Date: Wed Feb 25 2026 - 07:10:24 EST



> > On 2/25/26 4:51 PM, lirongqing wrote:
> > > From: Li RongQing <lirongqing@xxxxxxxxx>
> > >
> > > Currently, MTT (Memory Translation Table) buffers are allocated
> > > without NUMA awareness using kzalloc() and vzalloc(), which allocate
> > > memory on the NUMA node of the calling CPU. This can lead to
> > > cross-node memory access latencies if the erdma device is attached
> > > to a different NUMA socket.
> > >
> > > Switch to kzalloc_node() and vzalloc_node() to ensure MTT buffers
> > > are allocated on the local NUMA node of the PCIe device
> (dev->attrs.numa_node).
> > > This reduces latency for hardware access and improves performance.
> > >
> > > Signed-off-by: Li RongQing <lirongqing@xxxxxxxxx>
> > > ---
> > > drivers/infiniband/hw/erdma/erdma_verbs.c | 4 ++--
> > > 1 file changed, 2 insertions(+), 2 deletions(-)
> > >
> >
> > Hi, Li RongQing,
> >
> > Thanks for the patch.
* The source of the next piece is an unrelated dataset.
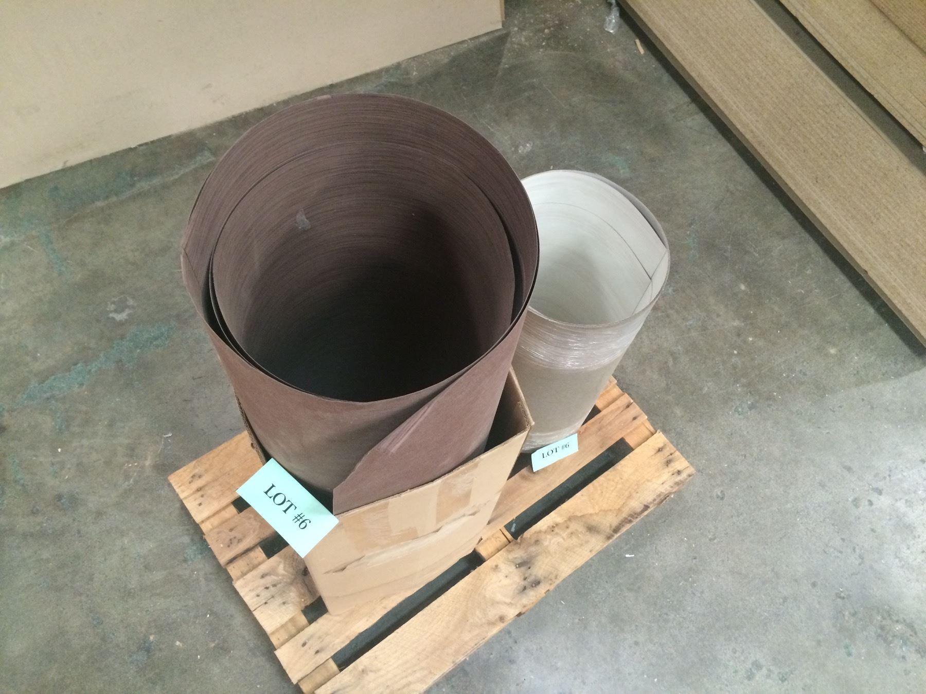 Brown Laminate Sheets. 2 sheets (1- 45”x97”, 1- 48” x 97” - 1 ft water damage from width); white - 2 sheets (1- 25” x 145”, 1- 29” x 145”). Total of 4 sheets.
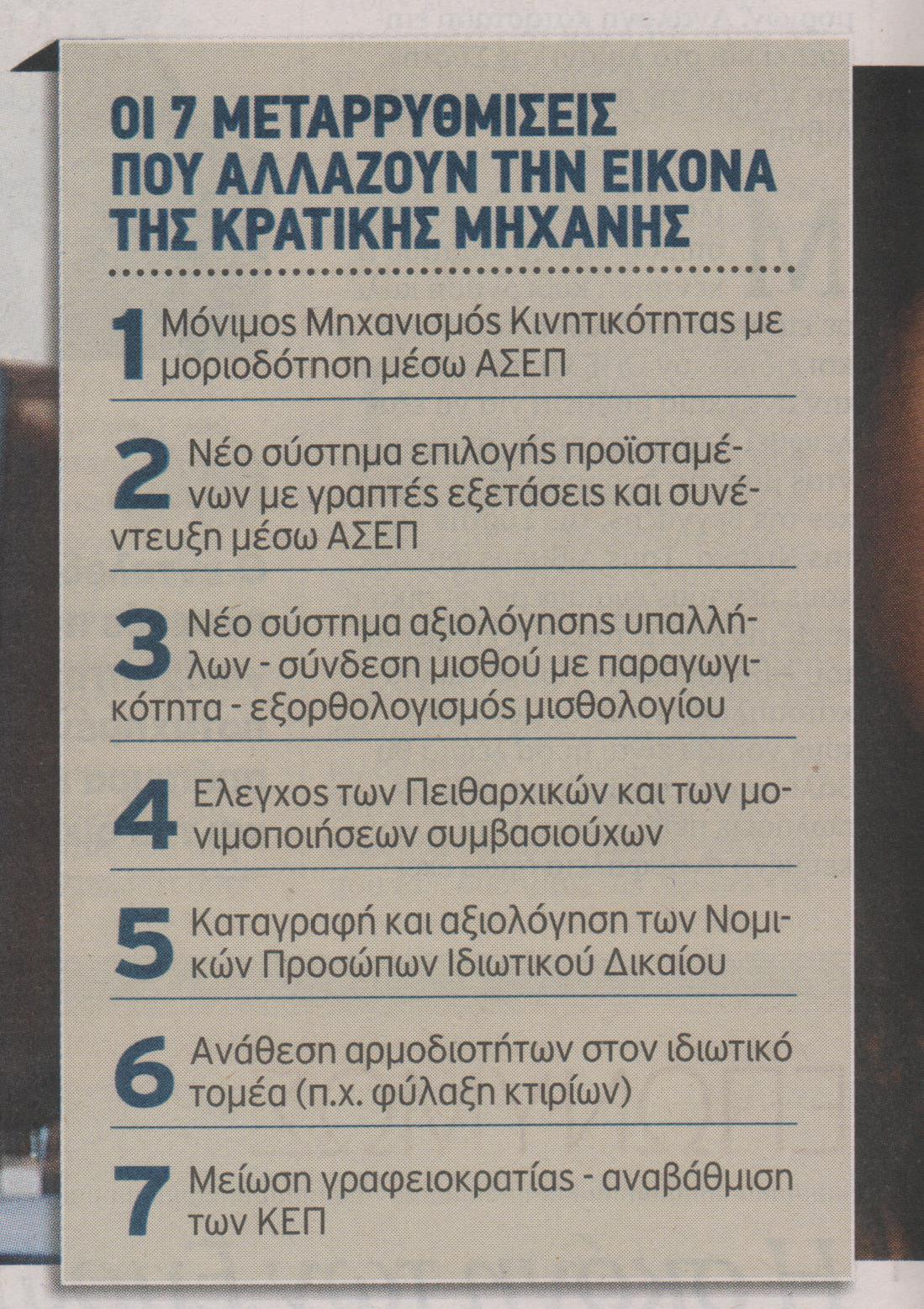 Σε νέα τροχιά μπαίνει η κρατική μηχανή με την εφαρμογή 7 σημαντικών μεταρρυθμίσεων που έχει προγραμματιστεί από το υπουργείο Διοικητικής Μεταρρύθμισης να υλοποιηθούν εντός του έτους.

However, I think it is better to keep the
> > current behavior, for the following reasons:
> >
> > 1. This path is in the control plane, so allocating memory from a remote
> > NUMA node should not have a noticeable performance impact.
>
> If TLB Miss , or the internal cache misses , does the HCA need to query the MTT?
>
> [Li,Rongqing]
>
> > 2. With this change, the driver may fail the allocation when the local NUMA
> > node is out of memory, even if other nodes still have available memory.
> >


When kmalloc_node() is called without __GFP_THISNODE and the target node
lacks sufficient memory, SLUB allocates a folio from a different node
other than the requested node.

So I think this is not a problem.

[Li,Rongqing]



> > Thanks,
> > Cheng Xu
> >
> > > diff --git a/drivers/infiniband/hw/erdma/erdma_verbs.c
> > > b/drivers/infiniband/hw/erdma/erdma_verbs.c
> > > index 9f74aad..58da6ef 100644
> > > --- a/drivers/infiniband/hw/erdma/erdma_verbs.c
> > > +++ b/drivers/infiniband/hw/erdma/erdma_verbs.c
> > > @@ -604,7 +604,7 @@ static struct erdma_mtt
> > *erdma_create_cont_mtt(struct erdma_dev *dev,
> > > return ERR_PTR(-ENOMEM);
> > >
> > > mtt->size = size;
> > > - mtt->buf = kzalloc(mtt->size, GFP_KERNEL);
> > > + mtt->buf = kzalloc_node(mtt->size, GFP_KERNEL,
> > > +dev->attrs.numa_node);
> > > if (!mtt->buf)
> > > goto err_free_mtt;
> > >
> > > @@ -729,7 +729,7 @@ static struct erdma_mtt
> > *erdma_create_scatter_mtt(struct erdma_dev *dev,
> > > return ERR_PTR(-ENOMEM);
> > >
> > > mtt->size = ALIGN(size, PAGE_SIZE);
> > > - mtt->buf = vzalloc(mtt->size);
> > > + mtt->buf = vzalloc_node(mtt->size, dev->attrs.numa_node);
> > > mtt->continuous = false;
> > > if (!mtt->buf)
> > > goto err_free_mtt;